BRIEF ->
With all images left out, restate the records below exactly as written.

EXERCISE MATERIAL ->
^^^^^^^^

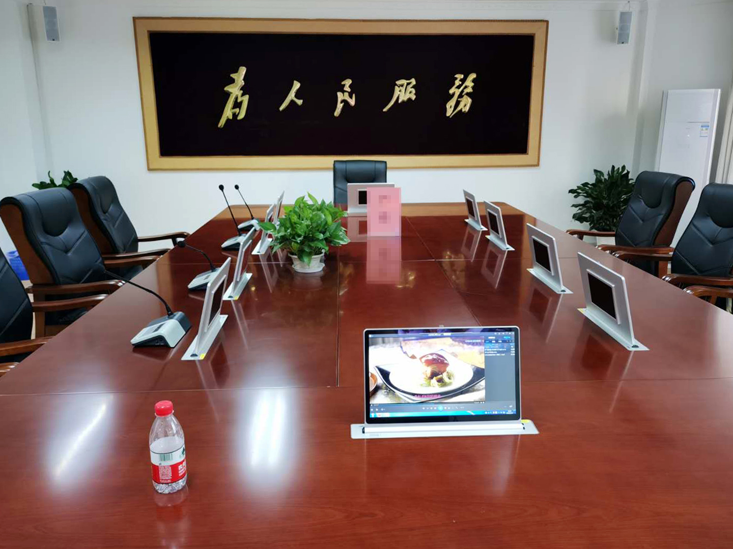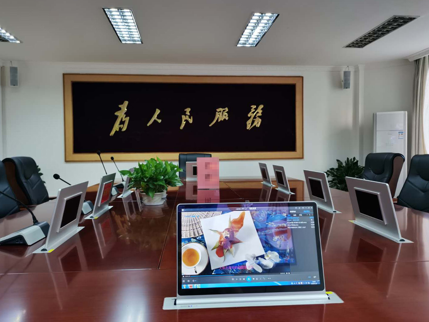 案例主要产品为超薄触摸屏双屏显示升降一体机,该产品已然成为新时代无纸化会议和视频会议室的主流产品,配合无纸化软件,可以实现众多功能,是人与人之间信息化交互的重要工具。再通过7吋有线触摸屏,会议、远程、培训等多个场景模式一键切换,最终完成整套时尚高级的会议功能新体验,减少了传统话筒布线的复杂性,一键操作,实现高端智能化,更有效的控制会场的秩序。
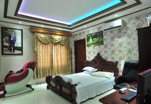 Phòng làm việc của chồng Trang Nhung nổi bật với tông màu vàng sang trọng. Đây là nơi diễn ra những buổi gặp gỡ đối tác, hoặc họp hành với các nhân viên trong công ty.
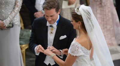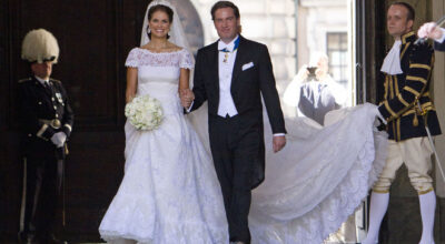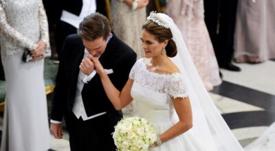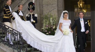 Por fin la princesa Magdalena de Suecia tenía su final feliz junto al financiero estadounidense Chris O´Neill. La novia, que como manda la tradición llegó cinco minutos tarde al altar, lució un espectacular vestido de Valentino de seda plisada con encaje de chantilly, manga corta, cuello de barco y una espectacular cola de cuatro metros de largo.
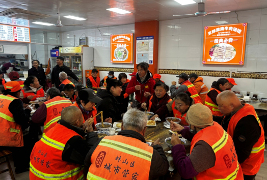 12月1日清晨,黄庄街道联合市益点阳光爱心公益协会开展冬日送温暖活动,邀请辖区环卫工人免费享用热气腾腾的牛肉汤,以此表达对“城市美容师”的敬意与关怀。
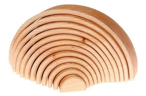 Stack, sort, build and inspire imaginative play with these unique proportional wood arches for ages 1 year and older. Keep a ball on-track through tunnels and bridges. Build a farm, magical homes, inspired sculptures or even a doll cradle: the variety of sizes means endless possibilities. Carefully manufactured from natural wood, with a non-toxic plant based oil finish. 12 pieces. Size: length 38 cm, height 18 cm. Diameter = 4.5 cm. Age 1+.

^^^^^^^^

RESPONSE ->
 案例主要产品为超薄触摸屏双屏显示升降一体机,该产品已然成为新时代无纸化会议和视频会议室的主流产品,配合无纸化软件,可以实现众多功能,是人与人之间信息化交互的重要工具。再通过7吋有线触摸屏,会议、远程、培训等多个场景模式一键切换,最终完成整套时尚高级的会议功能新体验,减少了传统话筒布线的复杂性,一键操作,实现高端智能化,更有效的控制会场的秩序。
 Phòng làm việc của chồng Trang Nhung nổi bật với tông màu vàng sang trọng. Đây là nơi diễn ra những buổi gặp gỡ đối tác, hoặc họp hành với các nhân viên trong công ty.
 Por fin la princesa Magdalena de Suecia tenía su final feliz junto al financiero estadounidense Chris O´Neill. La novia, que como manda la tradición llegó cinco minutos tarde al altar, lució un espectacular vestido de Valentino de seda plisada con encaje de chantilly, manga corta, cuello de barco y una espectacular cola de cuatro metros de largo.
 12月1日清晨,黄庄街道联合市益点阳光爱心公益协会开展冬日送温暖活动,邀请辖区环卫工人免费享用热气腾腾的牛肉汤,以此表达对“城市美容师”的敬意与关怀。
 Stack, sort, build and inspire imaginative play with these unique proportional wood arches for ages 1 year and older. Keep a ball on-track through tunnels and bridges. Build a farm, magical homes, inspired sculptures or even a doll cradle: the variety of sizes means endless possibilities. Carefully manufactured from natural wood, with a non-toxic plant based oil finish. 12 pieces. Size: length 38 cm, height 18 cm. Diameter = 4.5 cm. Age 1+.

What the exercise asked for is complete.